*RECORDS FOR THE EXERCISE*
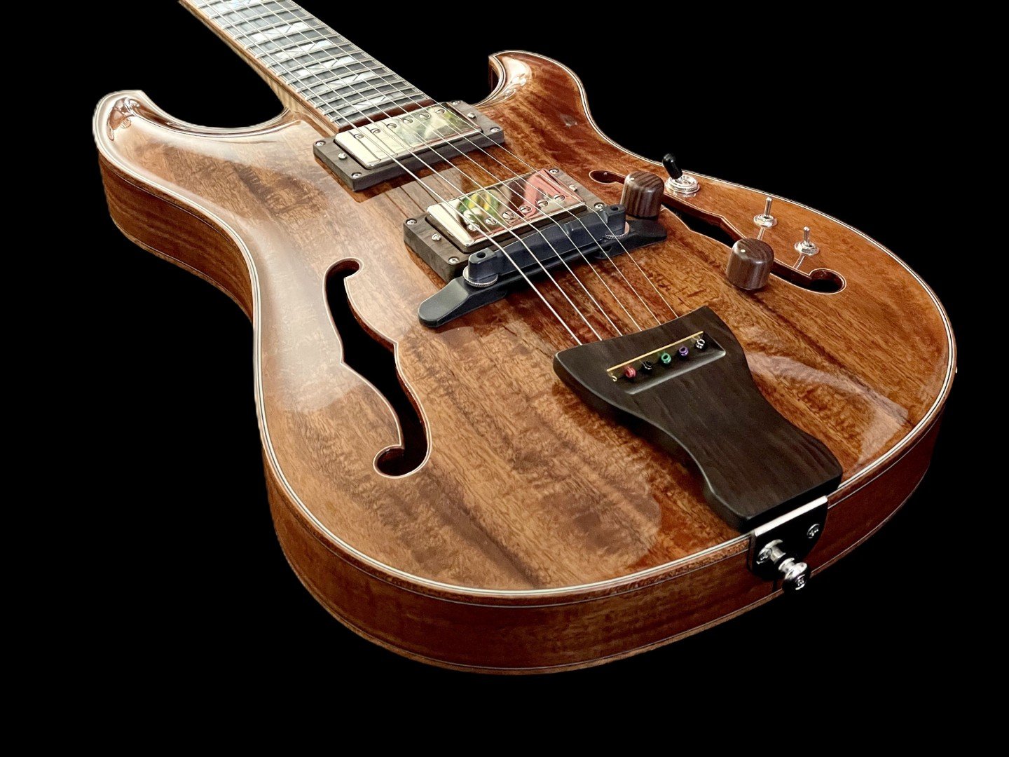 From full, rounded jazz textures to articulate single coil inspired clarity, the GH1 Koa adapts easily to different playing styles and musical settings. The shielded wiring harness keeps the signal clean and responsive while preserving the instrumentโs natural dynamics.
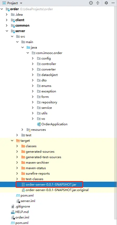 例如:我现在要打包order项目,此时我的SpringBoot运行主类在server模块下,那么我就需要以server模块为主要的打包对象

...

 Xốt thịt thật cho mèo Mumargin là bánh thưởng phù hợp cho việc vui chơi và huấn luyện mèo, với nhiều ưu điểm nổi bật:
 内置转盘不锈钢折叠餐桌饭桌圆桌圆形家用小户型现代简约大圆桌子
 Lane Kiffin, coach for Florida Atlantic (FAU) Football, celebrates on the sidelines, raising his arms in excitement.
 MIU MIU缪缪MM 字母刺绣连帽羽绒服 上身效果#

*PROBLEM REQUIREMENTS*
With the first line being the one containing "Lane Kiffin, coach" and the last line the one containing "MIU MIU缪缪MM 字母刺绣连帽羽绒服 上身效果#", transcribe exactly the lines above that fall in that range.

*COMPLETED EXERCISE*
 Lane Kiffin, coach for Florida Atlantic (FAU) Football, celebrates on the sidelines, raising his arms in excitement.
 MIU MIU缪缪MM 字母刺绣连帽羽绒服 上身效果#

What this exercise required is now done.